(Aim of the task) What are the lines from the one with "W ramach projektu" through the end of the records below, written out exactly and without the pictures?

(Available data)

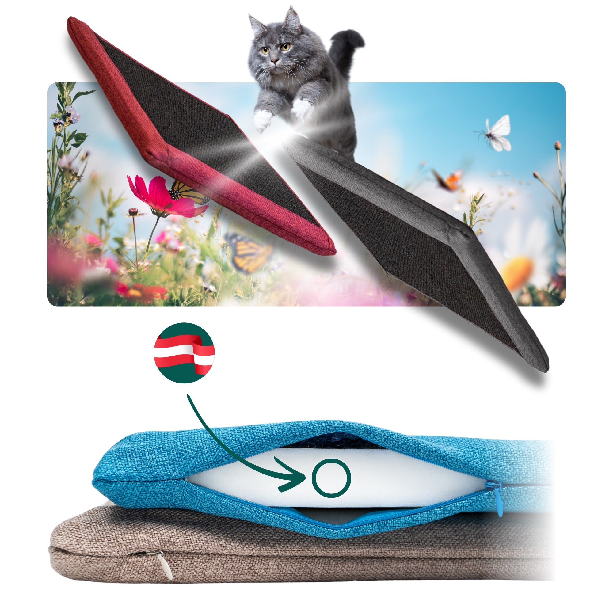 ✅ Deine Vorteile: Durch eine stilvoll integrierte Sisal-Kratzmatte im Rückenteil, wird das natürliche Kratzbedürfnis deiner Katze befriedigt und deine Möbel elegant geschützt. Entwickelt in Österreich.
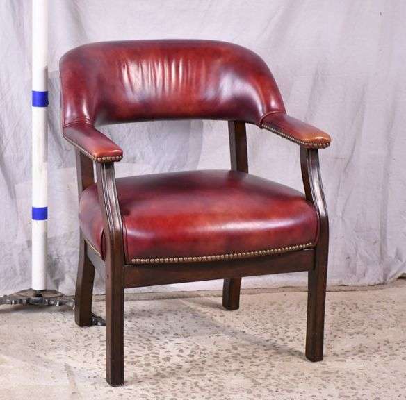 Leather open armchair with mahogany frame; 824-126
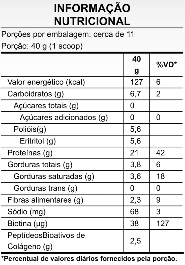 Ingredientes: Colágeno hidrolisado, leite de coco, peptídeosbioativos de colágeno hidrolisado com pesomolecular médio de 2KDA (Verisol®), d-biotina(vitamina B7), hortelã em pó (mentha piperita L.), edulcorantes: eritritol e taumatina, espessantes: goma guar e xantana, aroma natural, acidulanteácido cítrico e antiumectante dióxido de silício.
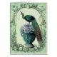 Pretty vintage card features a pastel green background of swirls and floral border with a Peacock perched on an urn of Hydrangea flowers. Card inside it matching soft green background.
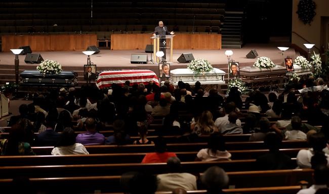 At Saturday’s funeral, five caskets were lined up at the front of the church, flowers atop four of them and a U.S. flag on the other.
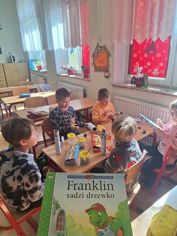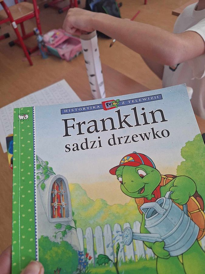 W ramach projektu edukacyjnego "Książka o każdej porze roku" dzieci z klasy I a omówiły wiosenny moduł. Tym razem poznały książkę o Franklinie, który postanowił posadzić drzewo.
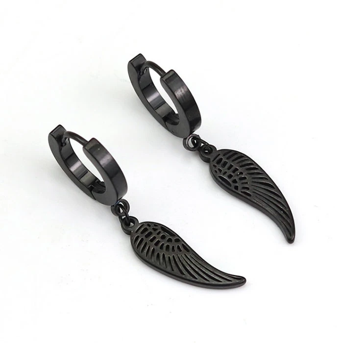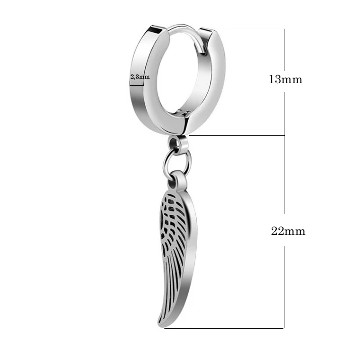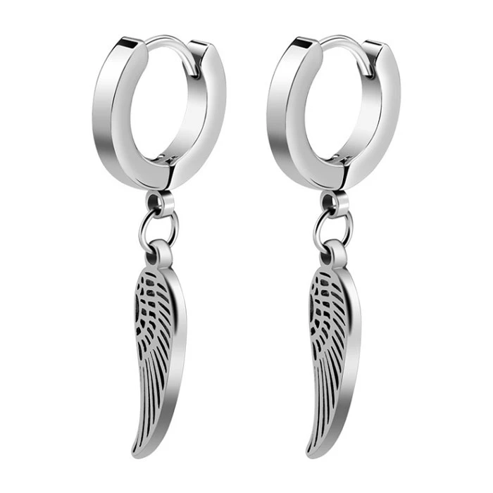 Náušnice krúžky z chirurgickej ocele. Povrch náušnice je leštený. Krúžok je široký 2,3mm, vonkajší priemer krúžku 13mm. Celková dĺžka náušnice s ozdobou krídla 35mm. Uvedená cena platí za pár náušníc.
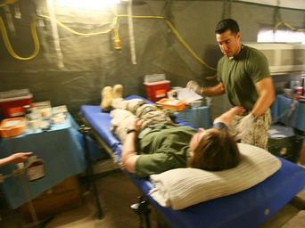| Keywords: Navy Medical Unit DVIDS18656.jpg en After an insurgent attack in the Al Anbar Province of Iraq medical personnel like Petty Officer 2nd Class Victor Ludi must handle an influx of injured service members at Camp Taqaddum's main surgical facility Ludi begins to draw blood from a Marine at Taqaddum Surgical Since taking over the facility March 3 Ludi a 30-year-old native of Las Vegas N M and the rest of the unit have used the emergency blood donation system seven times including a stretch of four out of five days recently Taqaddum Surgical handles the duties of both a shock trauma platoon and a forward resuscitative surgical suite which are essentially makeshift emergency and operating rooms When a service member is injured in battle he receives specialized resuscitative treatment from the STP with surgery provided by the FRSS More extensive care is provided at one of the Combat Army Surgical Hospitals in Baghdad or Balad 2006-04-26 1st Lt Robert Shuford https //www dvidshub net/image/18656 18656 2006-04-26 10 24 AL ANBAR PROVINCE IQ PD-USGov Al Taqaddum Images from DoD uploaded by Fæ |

(Exercise solution)
 W ramach projektu edukacyjnego "Książka o każdej porze roku" dzieci z klasy I a omówiły wiosenny moduł. Tym razem poznały książkę o Franklinie, który postanowił posadzić drzewo.
 Náušnice krúžky z chirurgickej ocele. Povrch náušnice je leštený. Krúžok je široký 2,3mm, vonkajší priemer krúžku 13mm. Celková dĺžka náušnice s ozdobou krídla 35mm. Uvedená cena platí za pár náušníc.
| Keywords: Navy Medical Unit DVIDS18656.jpg en After an insurgent attack in the Al Anbar Province of Iraq medical personnel like Petty Officer 2nd Class Victor Ludi must handle an influx of injured service members at Camp Taqaddum's main surgical facility Ludi begins to draw blood from a Marine at Taqaddum Surgical Since taking over the facility March 3 Ludi a 30-year-old native of Las Vegas N M and the rest of the unit have used the emergency blood donation system seven times including a stretch of four out of five days recently Taqaddum Surgical handles the duties of both a shock trauma platoon and a forward resuscitative surgical suite which are essentially makeshift emergency and operating rooms When a service member is injured in battle he receives specialized resuscitative treatment from the STP with surgery provided by the FRSS More extensive care is provided at one of the Combat Army Surgical Hospitals in Baghdad or Balad 2006-04-26 1st Lt Robert Shuford https //www dvidshub net/image/18656 18656 2006-04-26 10 24 AL ANBAR PROVINCE IQ PD-USGov Al Taqaddum Images from DoD uploaded by Fæ |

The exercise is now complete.